══ Available data

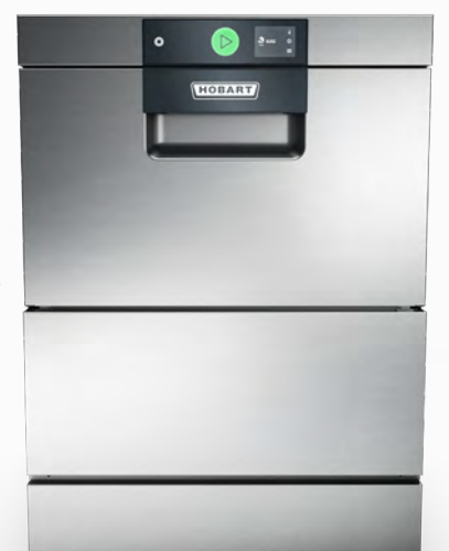
Le lave-vaisselle GPC de Hobart pour les cuisines de bord étroites.
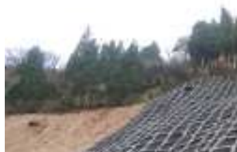
↑全景写真（施工完了）
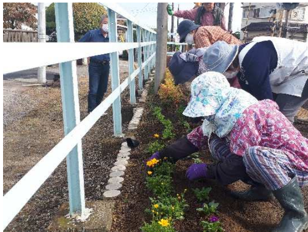
花植え作業の様子（沿線地域の協力）
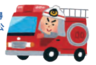
＊お問合せ：消防保安課

● 地域防災の要である消防団員の減少が続いていることから、事業税軽減措置のほか、地震・津波対策等減災交付金による消防団詰所や資機材等の整備への助成等を行い、消防団員の活動環境の整備を図るなど、消防団の充実強化に取り組んでいます。 ・消防団の資機材等整備等に対する財政支援 消防車両、消防団の詰所や消防団資機材の整備等に対する財政支援：619千円（交付決定額） ・準中型自動車免許取得助成 消防団員の準中型自動車免許取得に関して市町に対し補助金交付（公益財団法人静岡県消防協会）（補助率1/3以内上限8万円） ＊お問合せ：消防保安課
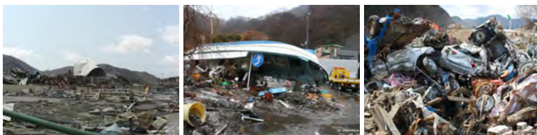
津波による漂流物の発生事例

発災時における安全確保や港湾施設機能の維持・早期復旧のため、漂流物の移動状況を把握し対策を行うことが求められています。

════

Leave out every picture and copy the rest of the records exactly.

**Solution to this task:**
Le lave-vaisselle GPC de Hobart pour les cuisines de bord étroites.
↑全景写真（施工完了）
花植え作業の様子（沿線地域の協力）
＊お問合せ：消防保安課

● 地域防災の要である消防団員の減少が続いていることから、事業税軽減措置のほか、地震・津波対策等減災交付金による消防団詰所や資機材等の整備への助成等を行い、消防団員の活動環境の整備を図るなど、消防団の充実強化に取り組んでいます。 ・消防団の資機材等整備等に対する財政支援 消防車両、消防団の詰所や消防団資機材の整備等に対する財政支援：619千円（交付決定額） ・準中型自動車免許取得助成 消防団員の準中型自動車免許取得に関して市町に対し補助金交付（公益財団法人静岡県消防協会）（補助率1/3以内上限8万円） ＊お問合せ：消防保安課
津波による漂流物の発生事例

発災時における安全確保や港湾施設機能の維持・早期復旧のため、漂流物の移動状況を把握し対策を行うことが求められています。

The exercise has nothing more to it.